On 22.07.25 04:40, Yafang Shao wrote:
On Sun, Jul 20, 2025 at 11:56 PM David Hildenbrand <david@xxxxxxxxxx> wrote:
We discussed this yesterday at a THP upstream meeting, and what we
should look into is:
(1) Having a callback like
unsigned int (*get_suggested_order)(.., bool in_pagefault);
This interface meets our needs precisely, enabling allocation orders
of either 0 or 9 as required by our workloads.
Where we can provide some information about the fault (vma
size/flags/anon_name), and whether we are in the page fault (or in
khugepaged).
Maybe we want a bitmap of orders to try (fallback), not sure yet.
(2) Having some way to tag these callbacks as "this is absolutely
unstable for now and can be changed as we please.".
BPF has already helped us complete this, so we don’t need to implement
this restriction.
Note that all BPF kfuncs (including struct_ops) are currently unstable
and may change in the future.
> > Alexei, could you confirm this understanding?
Every MM person I talked to about this was like "as soon as it's
actively used out there (e.g., a distro supports it), there is no way
you can easily change these callbacks ever again - it will just silently
become stable."
That is actually the biggest concern from the MM side: being stuck with
an interface that was promised to be "unstable" but suddenly it's
not-so-unstable anymore, and we have to support something that is very
likely to be changed in the future.
Which guarantees do we have in the regard?
How can we make it clear to anybody using this specific interface that
"if you depend on this being stable, you should learn how to read and
you are to blame, not the MM people" ?
As explained in the kernel document [0]:
kfuncs provide a kernel <-> kernel API, and thus are not bound by any
of the strict stability restrictions associated with kernel <-> user
UAPIs. This means they can be thought of as similar to
EXPORT_SYMBOL_GPL, and can therefore be modified or removed by a
maintainer of the subsystem they’re defined in when it’s deemed
necessary.
[0] https://docs.kernel.org/bpf/kfuncs.html#bpf-kfunc-lifecycle-expectations
That said, users of BPF kfuncs should treat them as inherently
unstable and take responsibility for verifying their compatibility
when switching kernel versions. However, this does not imply that BPF
kfuncs can be modified arbitrarily.
For widely adopted kfuncs that deliver substantial value, changes
should be made cautiously—preferably through backward-compatible
extensions to ensure continued functionality across new kernel
versions. Removal should only be considered in exceptional cases, such
as:
- Severe, unfixable issues within the kernel
- Maintenance burdens that block new features or critical improvements.

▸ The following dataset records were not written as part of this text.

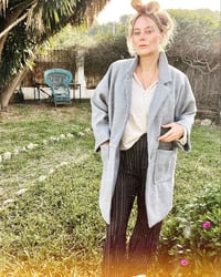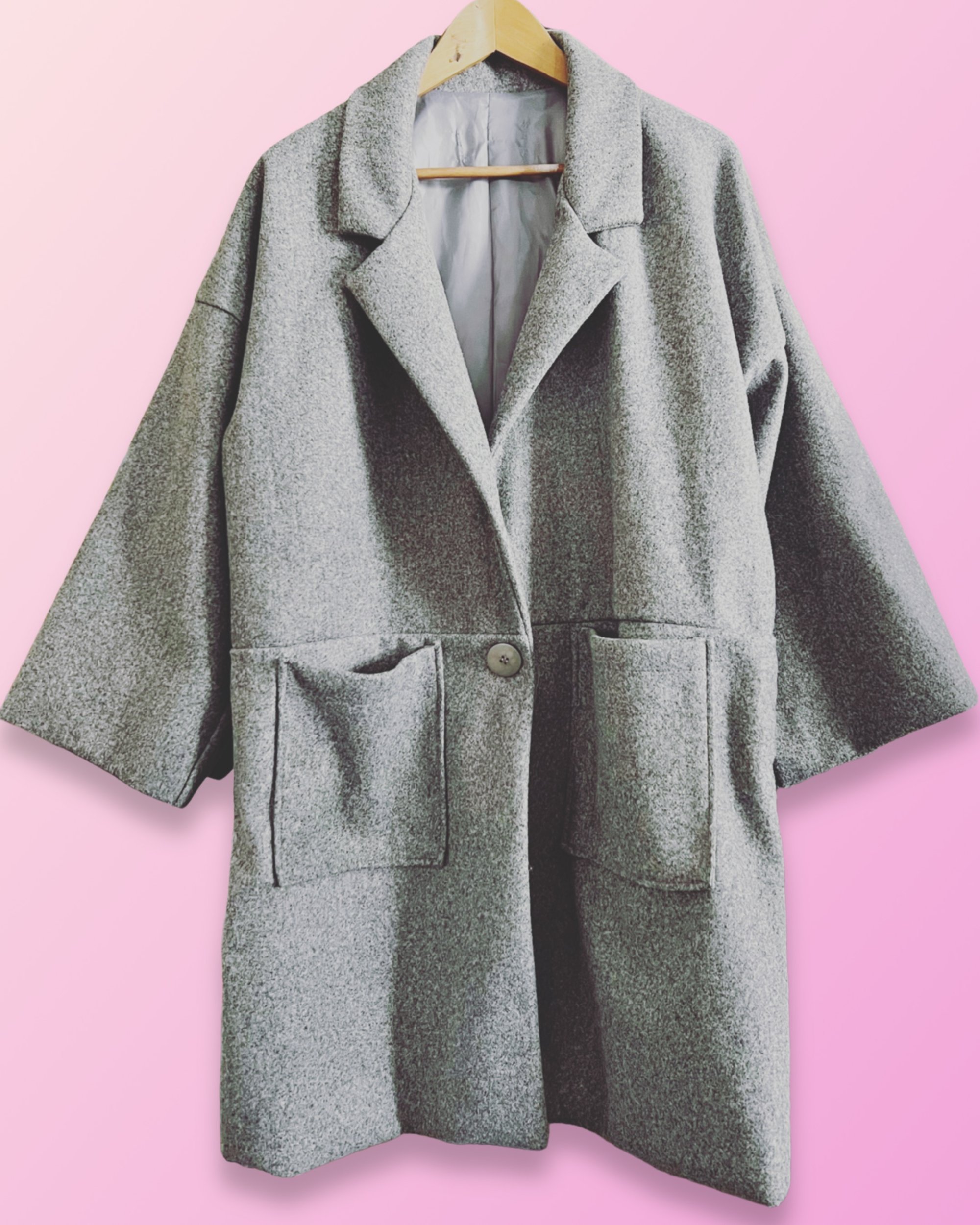 Dieser warme Vintage Mantel besteht aus grauem Filz. 3/4 Arm. Verziert mit stencil(s)/ Siebdrucken und Patches.
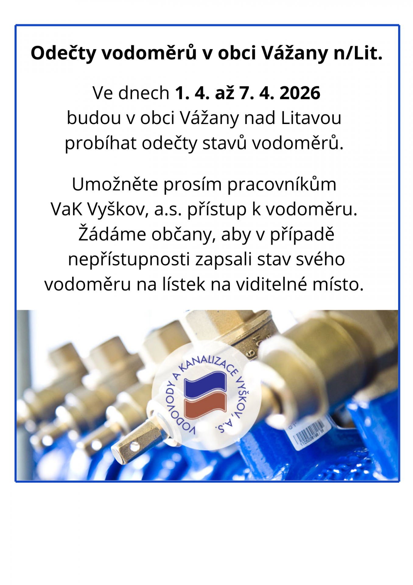 Odečty vodoměrů v obci Vážany n/Lit. - 1.4.2026 až 7.4.2026
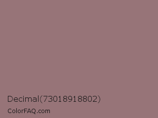 Decimal 73018918802 Color is a normal red color and the nearest color is Bazaar #98777b. Hex code #977478 and RGB value is rgb(151,116,120). In RGB color space, this color is composed of 59% red, 45% green, 47% blue, In CMYK color space, this color is composed of 0% cyan, 23% magenta, 21% yellow , 41% black , In HSL color space, this color has a hue angle of 353° , 14% saturation and 52% lightness.
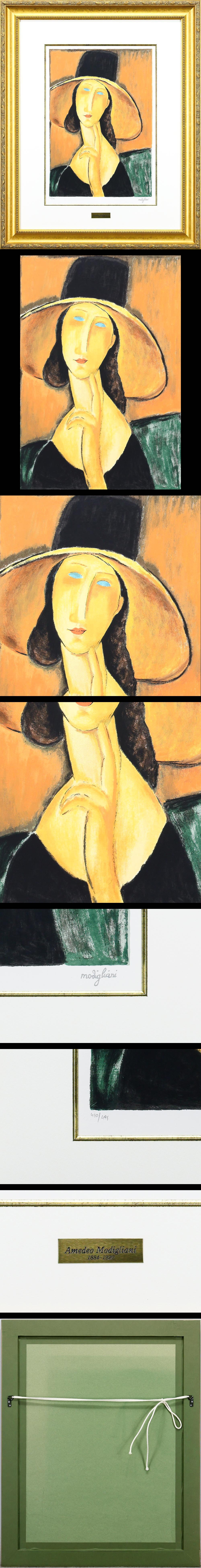 【真作】【WISH】アメデオ・モディリアーニ Amedeo Modigliani「大きな帽子のジャンヌ・エビュテルヌ」リトグラフ 6号大 #25112306
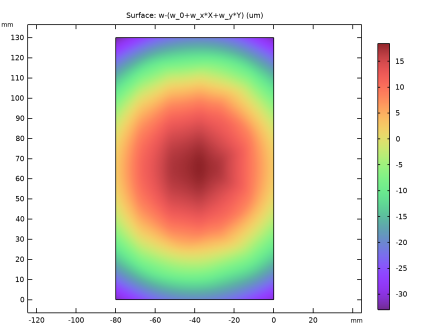 جابجایی مطلق به خودی خود مهم نیست، زیرا فقط تابعی از نحوه اعمال محدودیت های بدنه صلب است. در عوض، میخواهید ببینید که مرز چقدر از مسطح بودن منحرف میشود. برای نمایش آن، با استفاده از برازش حداقل مربعات، یک تقریب خطی از تغییر شکل ایجاد کنید. سپس، انحراف از آن صفحه را ترسیم کنید.
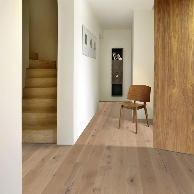 Kahrs Lux Collection – Oak Biscotti (2266mm) offers timeless elegance with a warm natural oak stain, enhanced by deep brushing and ultra-matt lacquer that mimics the look of freshly sawn timber. The extra-long 2266mm single-strip planks create a spacious, seamless aesthetic, while four-sided microbevelled edges emphasize each board’s full-plank character.
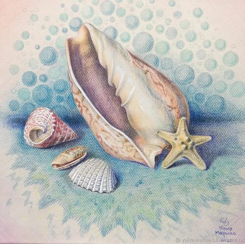 Ниже представлены несколько примеров детских рисунков с натюрмортом ракушек:
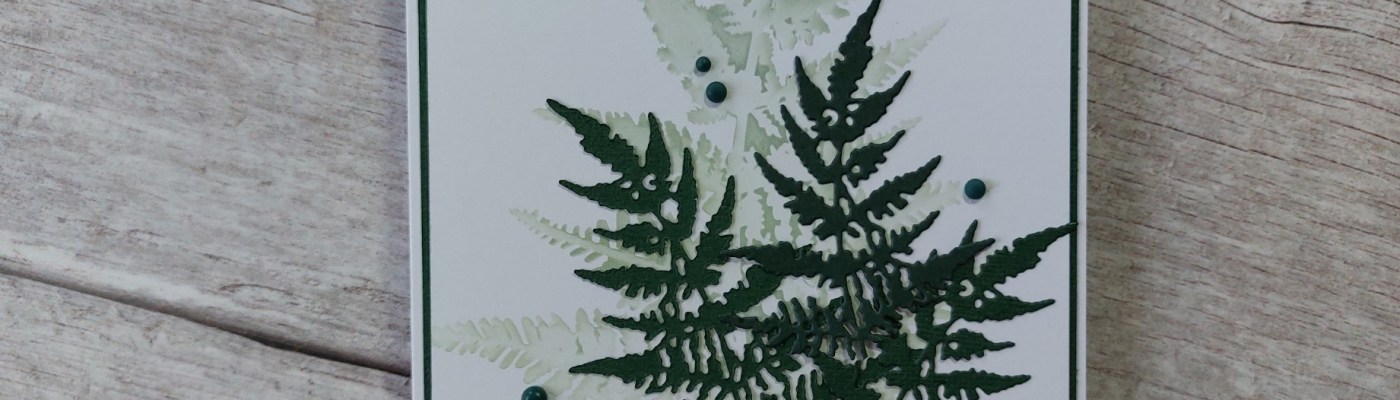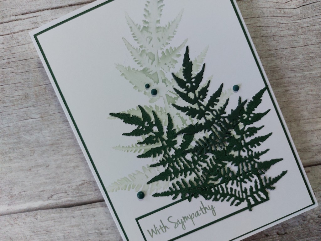 I cut three ferns with the middle sized die in the set, again in the dark green card, and attached those to the card front, flowing over the panel with the sentiment, then finished with a few dark green resin dots.
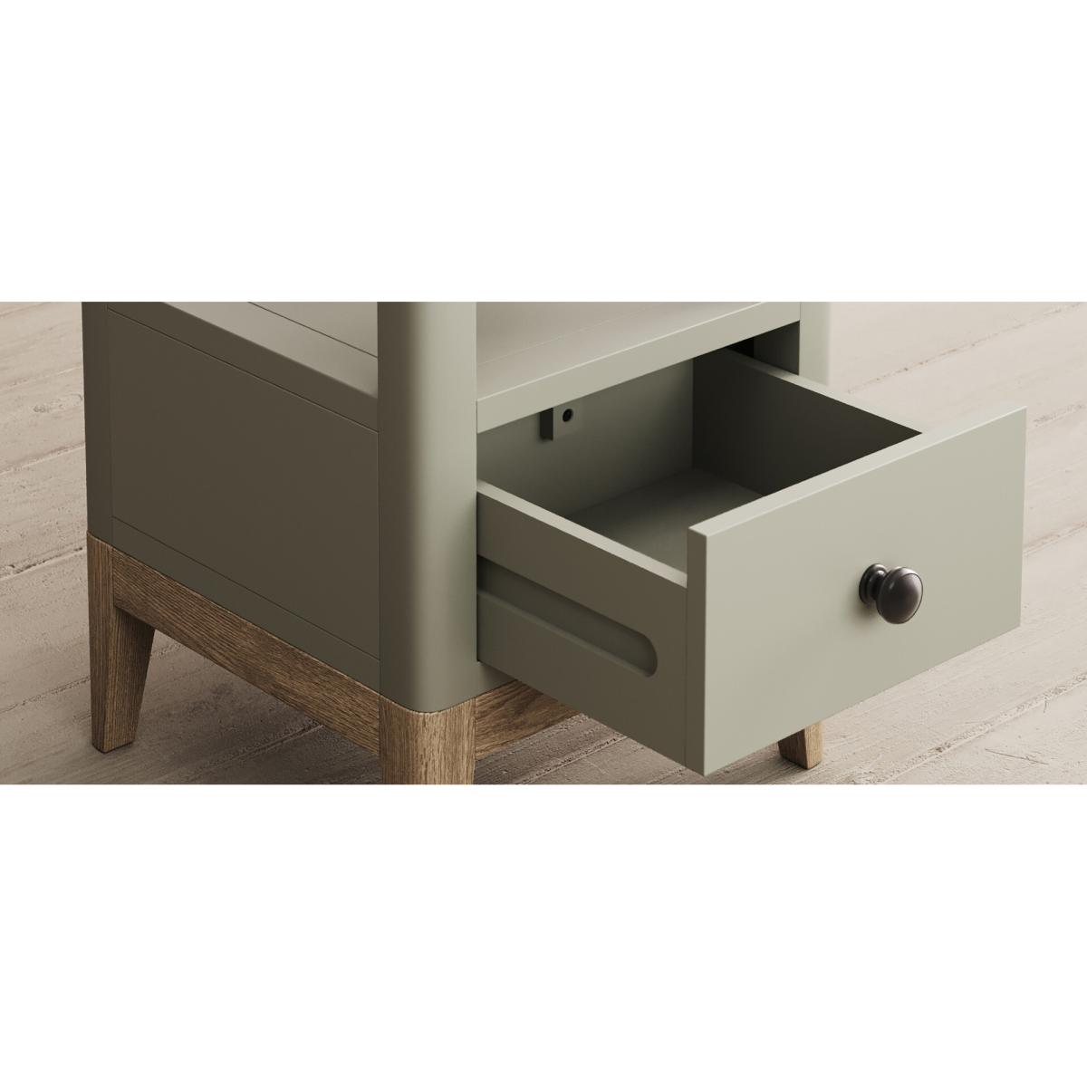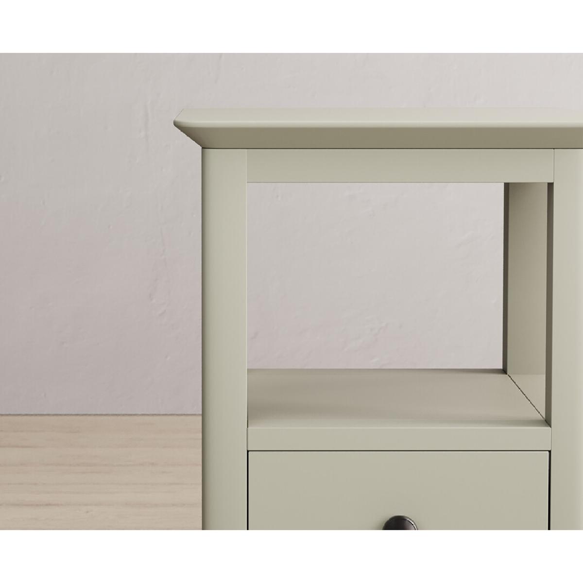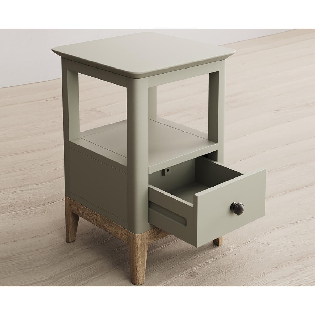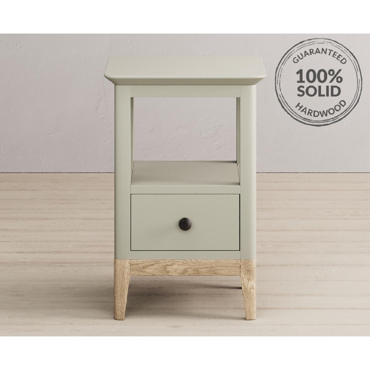 The Ancona Oak and Soft Green Painted Lamp Table is a stylish green painted solid hardwood lamp table with a lower shelf space and drawer.
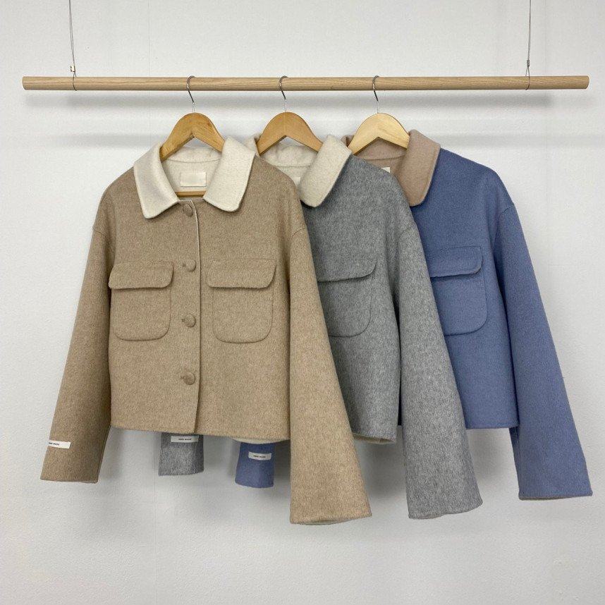 已出货 韩国chic秋冬减龄小清新撞色翻领短款毛呢外套女
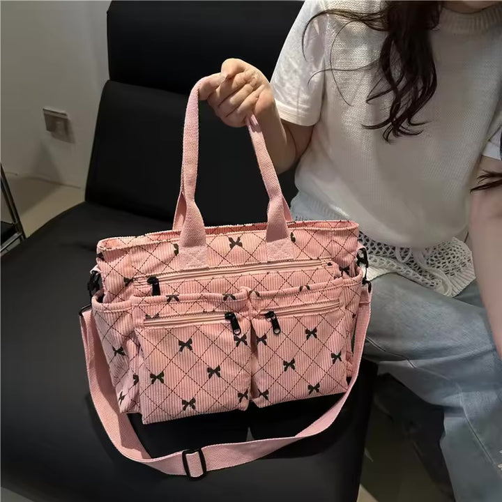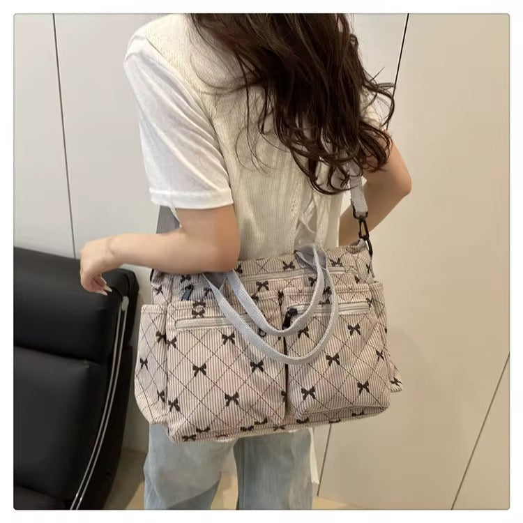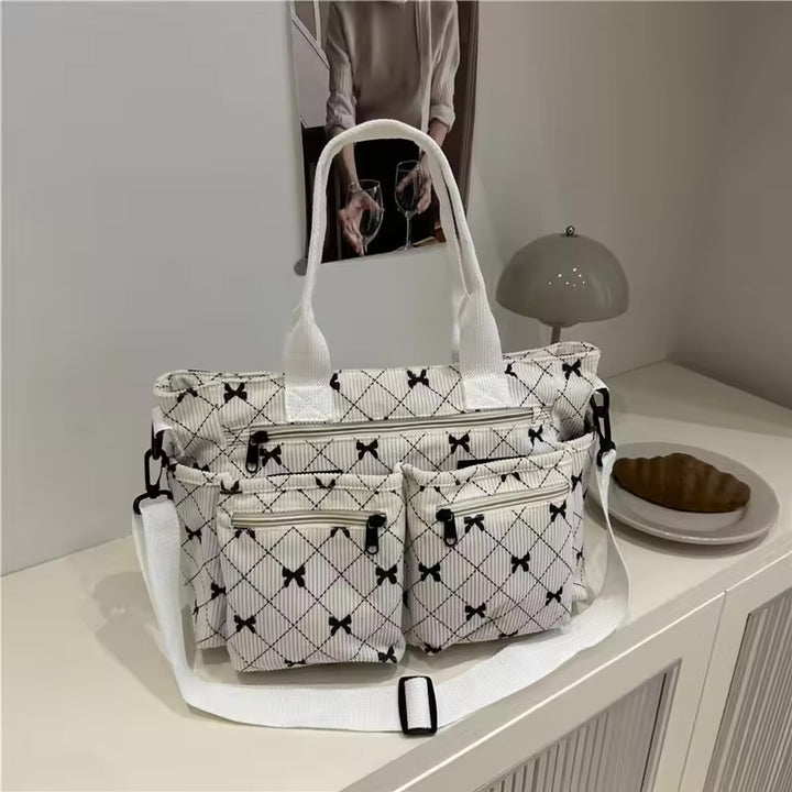Structured yet soft, The Bowline Utility Tote blends functional charm with modern elegance. Crafted in a durable canvas fabric, its all-over bow pattern and multiple zip compartments make it perfect for on-the-go days. Whether styled with streetwear or casual neutrals, it brings quiet statement energy to any look.
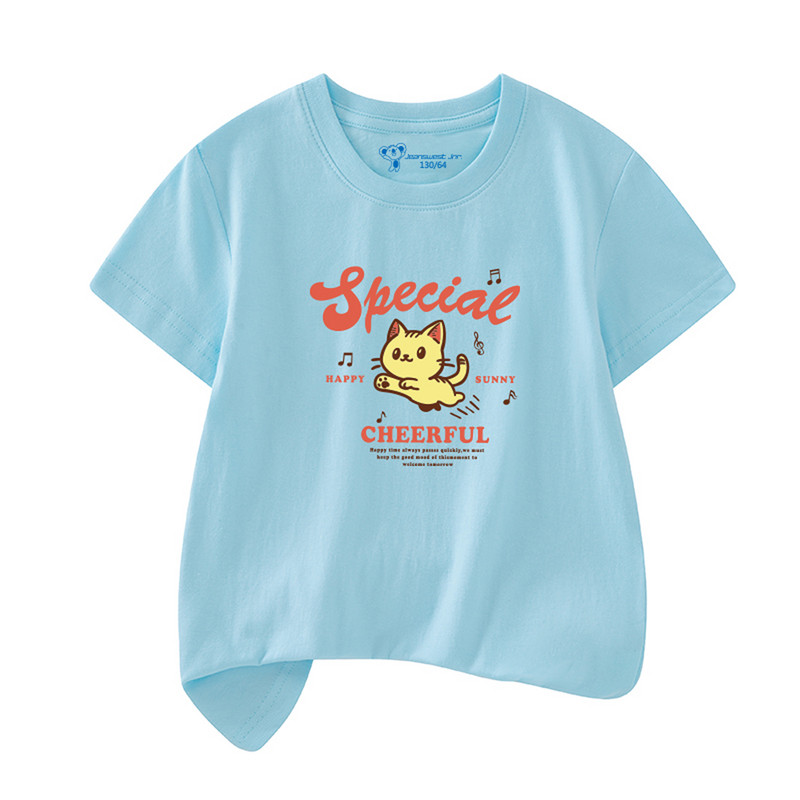 真维斯短袖T恤纯棉透气女童猫咪印花合身
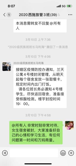 “感谢“万妈”的谆谆教导!感谢这份不离不弃,让我们感受到了疫情中的温暖,做您的学生真幸福!”这是437必赢会员中心2020级旅游管理民族班的同学发给班主任“万妈”万抒佳老师的信息。

And that is exactly what we are worried about.
You don't know beforehand whether something will be "widely adopted".
Even if there is the "A kfunc will never have any hard stability
guarantees." in there.
The concerning bit is:
"kfuncs that are widely used or have been in the kernel for a long time
will be more difficult to justify being changed or removed by a
maintainer. "
Just no. Not going to happen for the kfuncs we know upfront (like here)
will stand in our way in the future at some point and *will* be changed
one way or another.
So for these kfuncs I want a clear way of expressing "whatever the
kfuncs doc says, this here is completely unstable even if widely used"
--
Cheers,
David / dhildenb